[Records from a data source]
- Opening Delimiter -

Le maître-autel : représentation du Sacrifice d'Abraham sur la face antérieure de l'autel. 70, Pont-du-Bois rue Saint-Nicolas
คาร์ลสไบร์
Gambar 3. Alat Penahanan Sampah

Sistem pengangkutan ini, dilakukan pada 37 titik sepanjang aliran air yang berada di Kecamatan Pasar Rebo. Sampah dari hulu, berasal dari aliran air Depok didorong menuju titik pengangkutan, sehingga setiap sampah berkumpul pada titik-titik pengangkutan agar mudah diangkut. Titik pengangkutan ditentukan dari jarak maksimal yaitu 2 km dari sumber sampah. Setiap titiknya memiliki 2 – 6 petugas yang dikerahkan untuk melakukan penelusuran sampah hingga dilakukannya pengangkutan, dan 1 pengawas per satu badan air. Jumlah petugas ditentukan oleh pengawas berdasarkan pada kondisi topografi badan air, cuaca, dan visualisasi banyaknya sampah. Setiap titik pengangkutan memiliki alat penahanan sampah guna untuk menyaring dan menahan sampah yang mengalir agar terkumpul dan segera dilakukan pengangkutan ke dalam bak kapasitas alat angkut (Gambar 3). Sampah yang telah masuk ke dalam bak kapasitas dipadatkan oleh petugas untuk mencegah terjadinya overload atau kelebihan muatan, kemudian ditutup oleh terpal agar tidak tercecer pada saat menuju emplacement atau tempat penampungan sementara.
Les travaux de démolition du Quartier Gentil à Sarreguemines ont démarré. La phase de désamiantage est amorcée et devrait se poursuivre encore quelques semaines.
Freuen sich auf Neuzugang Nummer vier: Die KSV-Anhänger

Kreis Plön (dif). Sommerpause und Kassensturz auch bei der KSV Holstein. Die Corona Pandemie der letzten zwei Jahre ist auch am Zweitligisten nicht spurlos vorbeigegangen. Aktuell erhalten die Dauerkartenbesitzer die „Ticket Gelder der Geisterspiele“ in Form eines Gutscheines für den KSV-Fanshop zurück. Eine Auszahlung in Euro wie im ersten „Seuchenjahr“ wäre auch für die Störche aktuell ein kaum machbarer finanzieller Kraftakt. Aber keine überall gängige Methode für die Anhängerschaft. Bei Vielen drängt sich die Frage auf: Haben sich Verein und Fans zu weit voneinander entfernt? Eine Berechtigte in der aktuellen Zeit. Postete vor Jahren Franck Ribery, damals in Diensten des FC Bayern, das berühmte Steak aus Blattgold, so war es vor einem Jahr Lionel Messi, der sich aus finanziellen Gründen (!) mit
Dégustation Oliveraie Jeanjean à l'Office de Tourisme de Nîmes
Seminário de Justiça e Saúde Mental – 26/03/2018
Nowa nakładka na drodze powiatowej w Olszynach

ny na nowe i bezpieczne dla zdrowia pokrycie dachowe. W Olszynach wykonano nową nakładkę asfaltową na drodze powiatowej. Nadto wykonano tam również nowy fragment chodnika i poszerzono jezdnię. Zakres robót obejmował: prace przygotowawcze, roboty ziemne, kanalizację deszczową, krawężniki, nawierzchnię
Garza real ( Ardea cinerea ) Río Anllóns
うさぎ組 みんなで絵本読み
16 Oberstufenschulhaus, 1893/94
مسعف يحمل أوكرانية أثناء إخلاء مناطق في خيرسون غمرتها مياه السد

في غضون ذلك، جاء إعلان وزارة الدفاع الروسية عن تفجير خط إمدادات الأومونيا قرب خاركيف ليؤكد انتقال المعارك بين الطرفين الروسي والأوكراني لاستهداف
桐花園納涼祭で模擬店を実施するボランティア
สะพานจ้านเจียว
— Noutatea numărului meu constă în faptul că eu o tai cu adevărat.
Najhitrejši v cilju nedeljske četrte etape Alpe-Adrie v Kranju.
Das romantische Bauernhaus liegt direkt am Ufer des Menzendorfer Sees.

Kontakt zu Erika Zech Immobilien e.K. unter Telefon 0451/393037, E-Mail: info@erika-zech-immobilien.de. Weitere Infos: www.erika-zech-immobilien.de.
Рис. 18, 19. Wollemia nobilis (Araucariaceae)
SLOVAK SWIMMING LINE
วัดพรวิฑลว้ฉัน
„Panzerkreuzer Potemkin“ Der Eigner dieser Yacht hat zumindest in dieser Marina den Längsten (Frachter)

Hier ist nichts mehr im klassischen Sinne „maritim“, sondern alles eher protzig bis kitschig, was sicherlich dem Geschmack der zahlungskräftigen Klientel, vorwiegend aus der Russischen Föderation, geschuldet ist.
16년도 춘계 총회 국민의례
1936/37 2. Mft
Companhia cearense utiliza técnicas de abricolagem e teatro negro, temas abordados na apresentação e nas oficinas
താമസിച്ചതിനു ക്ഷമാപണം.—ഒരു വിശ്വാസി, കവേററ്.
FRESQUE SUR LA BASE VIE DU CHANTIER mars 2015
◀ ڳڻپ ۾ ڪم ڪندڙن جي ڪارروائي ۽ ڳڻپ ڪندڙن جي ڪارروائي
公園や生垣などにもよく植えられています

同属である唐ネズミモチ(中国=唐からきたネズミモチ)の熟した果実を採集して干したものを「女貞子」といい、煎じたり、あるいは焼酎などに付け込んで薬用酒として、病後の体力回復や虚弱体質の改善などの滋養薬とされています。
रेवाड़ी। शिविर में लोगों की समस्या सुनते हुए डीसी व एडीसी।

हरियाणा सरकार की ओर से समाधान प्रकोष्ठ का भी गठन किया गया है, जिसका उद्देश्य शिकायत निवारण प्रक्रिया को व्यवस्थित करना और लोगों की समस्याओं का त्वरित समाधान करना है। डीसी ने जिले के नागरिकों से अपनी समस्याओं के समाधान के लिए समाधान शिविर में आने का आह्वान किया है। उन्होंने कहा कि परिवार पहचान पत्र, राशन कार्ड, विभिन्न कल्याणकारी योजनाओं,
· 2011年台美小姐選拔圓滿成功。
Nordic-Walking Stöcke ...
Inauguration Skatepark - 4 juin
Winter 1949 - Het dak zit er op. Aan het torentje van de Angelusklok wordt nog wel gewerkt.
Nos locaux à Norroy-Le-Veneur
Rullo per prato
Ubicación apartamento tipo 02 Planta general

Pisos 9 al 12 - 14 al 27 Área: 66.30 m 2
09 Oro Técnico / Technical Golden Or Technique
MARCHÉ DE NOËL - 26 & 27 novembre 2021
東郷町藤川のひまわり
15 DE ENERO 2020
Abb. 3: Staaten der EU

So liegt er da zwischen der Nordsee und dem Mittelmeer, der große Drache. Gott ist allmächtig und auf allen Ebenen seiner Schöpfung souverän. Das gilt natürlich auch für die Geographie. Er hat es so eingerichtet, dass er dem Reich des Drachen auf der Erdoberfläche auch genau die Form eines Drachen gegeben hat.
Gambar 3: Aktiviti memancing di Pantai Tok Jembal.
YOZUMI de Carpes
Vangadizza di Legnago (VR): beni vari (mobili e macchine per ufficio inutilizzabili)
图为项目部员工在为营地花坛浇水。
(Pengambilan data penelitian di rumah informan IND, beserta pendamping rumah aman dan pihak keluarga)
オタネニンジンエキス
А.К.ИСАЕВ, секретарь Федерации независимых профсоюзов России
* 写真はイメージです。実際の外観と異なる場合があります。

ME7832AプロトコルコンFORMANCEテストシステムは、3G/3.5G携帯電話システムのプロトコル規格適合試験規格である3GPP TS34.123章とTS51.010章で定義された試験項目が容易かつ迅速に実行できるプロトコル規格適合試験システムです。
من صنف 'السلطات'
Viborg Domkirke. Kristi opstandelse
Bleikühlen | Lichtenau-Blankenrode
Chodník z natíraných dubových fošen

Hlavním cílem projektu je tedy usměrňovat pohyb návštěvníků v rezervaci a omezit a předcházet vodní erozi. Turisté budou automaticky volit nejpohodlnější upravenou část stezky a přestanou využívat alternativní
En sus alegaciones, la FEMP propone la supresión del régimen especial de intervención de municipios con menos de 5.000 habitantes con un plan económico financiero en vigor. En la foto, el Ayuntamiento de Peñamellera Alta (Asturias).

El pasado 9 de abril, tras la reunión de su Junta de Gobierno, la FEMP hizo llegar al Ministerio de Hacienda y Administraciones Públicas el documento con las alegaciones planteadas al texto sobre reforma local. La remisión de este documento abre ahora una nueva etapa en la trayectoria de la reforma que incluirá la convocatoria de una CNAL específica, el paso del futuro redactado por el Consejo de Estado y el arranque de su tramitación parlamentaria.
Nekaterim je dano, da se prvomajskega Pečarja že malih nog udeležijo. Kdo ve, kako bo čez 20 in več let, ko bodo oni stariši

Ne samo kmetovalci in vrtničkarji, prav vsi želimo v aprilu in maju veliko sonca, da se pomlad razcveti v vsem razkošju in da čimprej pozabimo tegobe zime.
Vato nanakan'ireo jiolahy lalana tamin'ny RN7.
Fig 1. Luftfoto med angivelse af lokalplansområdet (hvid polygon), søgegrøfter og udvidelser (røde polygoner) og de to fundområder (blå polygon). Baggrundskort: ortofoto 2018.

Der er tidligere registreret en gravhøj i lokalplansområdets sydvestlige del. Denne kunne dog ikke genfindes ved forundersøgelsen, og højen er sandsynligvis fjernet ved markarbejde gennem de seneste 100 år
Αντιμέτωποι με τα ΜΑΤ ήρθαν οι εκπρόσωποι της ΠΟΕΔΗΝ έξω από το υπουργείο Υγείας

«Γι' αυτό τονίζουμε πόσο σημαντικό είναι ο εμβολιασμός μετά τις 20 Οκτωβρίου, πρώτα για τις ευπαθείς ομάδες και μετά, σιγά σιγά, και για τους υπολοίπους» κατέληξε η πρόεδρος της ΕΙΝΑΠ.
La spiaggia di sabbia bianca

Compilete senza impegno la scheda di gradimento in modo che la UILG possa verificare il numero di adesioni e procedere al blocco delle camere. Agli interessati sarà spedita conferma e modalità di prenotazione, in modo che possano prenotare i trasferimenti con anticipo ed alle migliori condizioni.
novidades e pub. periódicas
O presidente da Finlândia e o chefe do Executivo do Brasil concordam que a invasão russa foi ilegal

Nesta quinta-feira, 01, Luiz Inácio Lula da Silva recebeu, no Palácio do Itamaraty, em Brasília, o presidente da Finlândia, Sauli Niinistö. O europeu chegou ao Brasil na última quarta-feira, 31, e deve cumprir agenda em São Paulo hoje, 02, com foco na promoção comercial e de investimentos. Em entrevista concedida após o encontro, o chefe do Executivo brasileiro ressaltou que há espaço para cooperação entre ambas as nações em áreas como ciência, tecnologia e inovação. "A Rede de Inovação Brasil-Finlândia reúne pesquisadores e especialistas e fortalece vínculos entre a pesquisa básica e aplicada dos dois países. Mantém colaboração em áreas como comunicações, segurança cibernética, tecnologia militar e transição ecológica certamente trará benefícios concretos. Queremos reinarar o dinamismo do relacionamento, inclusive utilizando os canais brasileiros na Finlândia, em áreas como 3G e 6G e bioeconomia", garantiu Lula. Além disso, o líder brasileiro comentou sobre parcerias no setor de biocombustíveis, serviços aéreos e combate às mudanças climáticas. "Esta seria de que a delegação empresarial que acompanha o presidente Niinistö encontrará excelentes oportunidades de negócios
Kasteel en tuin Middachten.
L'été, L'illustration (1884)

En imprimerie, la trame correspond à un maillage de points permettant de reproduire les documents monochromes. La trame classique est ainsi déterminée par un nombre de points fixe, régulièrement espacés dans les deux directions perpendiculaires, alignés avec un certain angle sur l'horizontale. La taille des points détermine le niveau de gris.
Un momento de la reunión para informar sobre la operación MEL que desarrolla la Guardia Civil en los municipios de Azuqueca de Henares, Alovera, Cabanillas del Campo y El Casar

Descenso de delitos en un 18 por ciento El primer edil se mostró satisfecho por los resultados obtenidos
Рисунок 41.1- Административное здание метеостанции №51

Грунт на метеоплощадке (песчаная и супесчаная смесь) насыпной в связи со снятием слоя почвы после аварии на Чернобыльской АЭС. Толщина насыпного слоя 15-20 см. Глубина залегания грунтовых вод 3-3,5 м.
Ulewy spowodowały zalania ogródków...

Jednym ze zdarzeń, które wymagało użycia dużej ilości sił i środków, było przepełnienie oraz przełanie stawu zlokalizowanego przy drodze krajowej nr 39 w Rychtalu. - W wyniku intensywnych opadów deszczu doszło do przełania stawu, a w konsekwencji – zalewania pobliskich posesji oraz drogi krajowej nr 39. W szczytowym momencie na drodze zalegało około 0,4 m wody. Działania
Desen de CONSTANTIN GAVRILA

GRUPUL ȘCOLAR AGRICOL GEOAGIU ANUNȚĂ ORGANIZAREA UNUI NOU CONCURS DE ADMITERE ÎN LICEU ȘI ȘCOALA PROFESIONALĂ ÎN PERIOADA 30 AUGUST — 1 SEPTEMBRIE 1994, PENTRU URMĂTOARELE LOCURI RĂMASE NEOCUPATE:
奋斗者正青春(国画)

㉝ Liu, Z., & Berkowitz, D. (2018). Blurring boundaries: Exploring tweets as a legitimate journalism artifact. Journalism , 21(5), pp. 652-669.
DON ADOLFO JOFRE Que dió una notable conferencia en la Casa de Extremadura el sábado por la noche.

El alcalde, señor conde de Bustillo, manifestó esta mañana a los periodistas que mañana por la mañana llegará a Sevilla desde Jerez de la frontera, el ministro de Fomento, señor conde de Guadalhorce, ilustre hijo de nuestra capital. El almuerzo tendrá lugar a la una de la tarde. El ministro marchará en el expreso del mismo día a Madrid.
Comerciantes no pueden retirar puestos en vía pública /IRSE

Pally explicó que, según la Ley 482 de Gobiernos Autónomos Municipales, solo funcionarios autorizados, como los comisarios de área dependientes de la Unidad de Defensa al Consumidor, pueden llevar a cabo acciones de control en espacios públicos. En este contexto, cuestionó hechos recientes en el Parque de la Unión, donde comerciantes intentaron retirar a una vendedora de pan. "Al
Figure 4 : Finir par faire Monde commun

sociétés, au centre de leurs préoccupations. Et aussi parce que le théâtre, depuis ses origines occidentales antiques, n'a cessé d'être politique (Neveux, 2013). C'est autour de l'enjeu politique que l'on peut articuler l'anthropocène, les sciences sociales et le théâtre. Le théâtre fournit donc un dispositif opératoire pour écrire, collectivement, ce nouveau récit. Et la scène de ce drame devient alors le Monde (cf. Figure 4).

- Closing Delimiter -

_HOW TO COMPLETE THIS TASK_
From the records above, print exactly the lines that run from the line with "novidades e pub. periódicas" to the line with "O presidente da Finlândia e", inclusive.

_ANSWER BOX_
novidades e pub. periódicas
O presidente da Finlândia e o chefe do Executivo do Brasil concordam que a invasão russa foi ilegal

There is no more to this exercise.